TCS Credit Cannot Be Denied for Default of Collector: ITAT Pune Ruling
Understanding the ITAT Pune Decision on TCS Credit
The Income Tax Appellate Tribunal (ITAT) Pune has delivered a landmark ruling stating that Tax Collected at Source (TCS) credit cannot be denied to the assessee merely because the collector failed to deposit the collected tax with the government. This decision emphasizes that once TCS is validly collected from the assessee, the buyer retains the right to claim credit, irrespective of the collector’s subsequent default.[1][7]
In the case under review, the tribunal held that Section 205 of the Income Tax Act, which bars credit for tax not deposited, does not apply to penalize the assessee for the collector’s lapse. The assessee had duly paid the TCS to the collector, fulfilling their obligation. Holding the assessee responsible would be unjust, as they cannot control the collector’s compliance.[7]
Key Facts of the Case
- The assessee purchased goods subject to TCS provisions.
- TCS was collected by the seller but not deposited timely or accurately.
- Tax authorities denied TCS credit to the assessee citing the collector’s default.
- ITAT Pune overturned this, prioritizing the assessee’s payment over collector’s deposit failure.
Legal Implications Under Section 205 and Related Provisions
Section 205 of the Income Tax Act provides that credit for tax deducted or collected at source shall not be given unless the tax is paid to the Central Government. However, judicial interpretations, including this ITAT ruling, clarify that this bar applies primarily to the deductor/collector, not the assessee from whom tax was collected.[7]
This aligns with broader principles seen in TDS cases, where courts have ruled that deductees should not suffer for deductors’ defaults. For instance, experts note that once tax is deducted, credit cannot be denied if evidence like Form 16/16A exists, even if the deductor fails to deposit.[5] Similarly, in TCS scenarios involving property sales or other transactions, assessees face undue hardship from mismatched reporting.[6]
The ruling reinforces accountability: the collector bears responsibility for remittance failures, facing penalties under sections like 271CA, while the assessee’s credit remains protected.[3]
Comparison with GST ITC Precedents
- In GST, courts like Gauhati HC have read down provisions denying Input Tax Credit (ITC) due to supplier defaults, protecting bona fide buyers.[1][4]

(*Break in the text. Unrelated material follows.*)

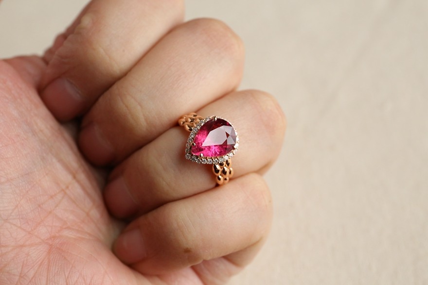 3 25-carat Ruble tourmaline ring with one-cent diamond set in 18k gold weighing 3 14 grams

- Allahabad HC quashed ITC denial, holding buyers not liable for sellers’ non-filing or non-deposit.[4]
- Parallel to ITAT Pune: Buyer/purchaser cannot ensure seller/collector’s compliance.
Practical Guidance for Taxpayers and Collectors
For assessees claiming TCS credit, retain robust documentation: purchase invoices showing TCS collection, payment proofs (e.g., bank statements), and seller acknowledgments. Even if Form 27D or deposit mismatches occur, tribunals prioritize evidence of collection over deposit status.[7]
Collectors must note strict timelines under Rule 37CA for TCS deposits (up to 7 days, with interest for delays). Non-compliance risks penalties, but does not jeopardize the buyer’s credit entitlement.[3][6]
Taxpayers facing credit denials should appeal, citing this precedent. Suggested reforms include rules allowing credit on deductee evidence (payslips, forms) when collectors default, mirroring TDS suggestions.[5][6]
Steps to Safeguard TCS Credit Claims
- Verify seller’s TAN and compliance history before large transactions.
- Insist on TCS receipts and match with Form 26AS/27D.
- File ITR with supporting documents; claim credit provisionally if mismatches.
- Approach AO or appeal to ITAT if denied, referencing Section 205 interpretations.
This ITAT Pune verdict promotes fairness, ensuring assessees are not doubly taxed due to third-party lapses. It sets a precedent for future disputes, urging revenue authorities to target defaulters directly rather than penalizing compliant payers.